== Record excerpts ==
____
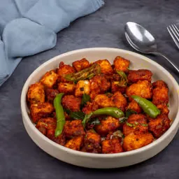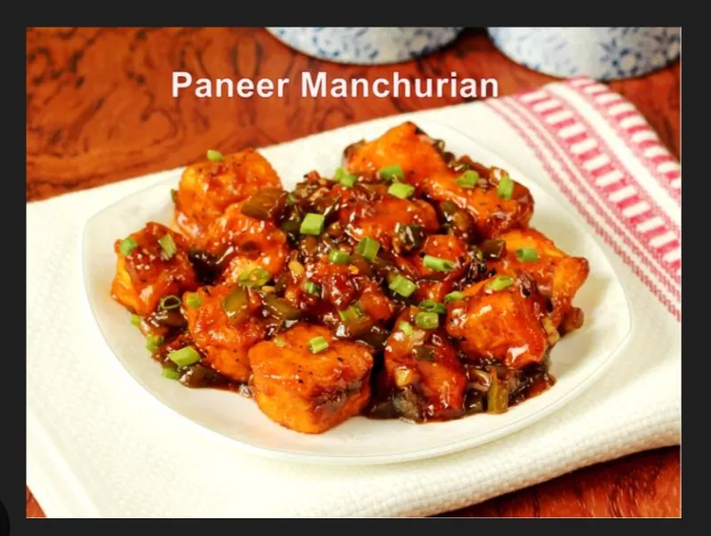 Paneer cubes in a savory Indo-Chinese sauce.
____
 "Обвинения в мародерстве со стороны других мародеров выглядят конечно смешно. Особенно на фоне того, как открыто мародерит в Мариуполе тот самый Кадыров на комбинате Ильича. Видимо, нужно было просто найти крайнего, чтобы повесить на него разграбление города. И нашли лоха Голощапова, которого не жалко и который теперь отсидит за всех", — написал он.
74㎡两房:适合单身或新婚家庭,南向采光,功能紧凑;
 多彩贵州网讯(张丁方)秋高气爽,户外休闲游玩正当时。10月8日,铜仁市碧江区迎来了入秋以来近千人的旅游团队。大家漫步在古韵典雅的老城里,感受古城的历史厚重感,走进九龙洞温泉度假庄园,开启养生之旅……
____
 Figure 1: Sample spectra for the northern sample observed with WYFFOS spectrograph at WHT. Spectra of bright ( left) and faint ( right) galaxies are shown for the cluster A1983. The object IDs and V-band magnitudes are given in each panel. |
____
== Exercise ==
Would you retype the lines above from the one with "74㎡两房:适合单身或新婚家庭,南向采光,功能紧凑;" down to the one with "多彩贵州网讯(张丁方)秋高气", word for word, both ends included and no other lines?

== Task solution ==
74㎡两房:适合单身或新婚家庭,南向采光,功能紧凑;
 多彩贵州网讯(张丁方)秋高气爽,户外休闲游玩正当时。10月8日,铜仁市碧江区迎来了入秋以来近千人的旅游团队。大家漫步在古韵典雅的老城里,感受古城的历史厚重感,走进九龙洞温泉度假庄园,开启养生之旅……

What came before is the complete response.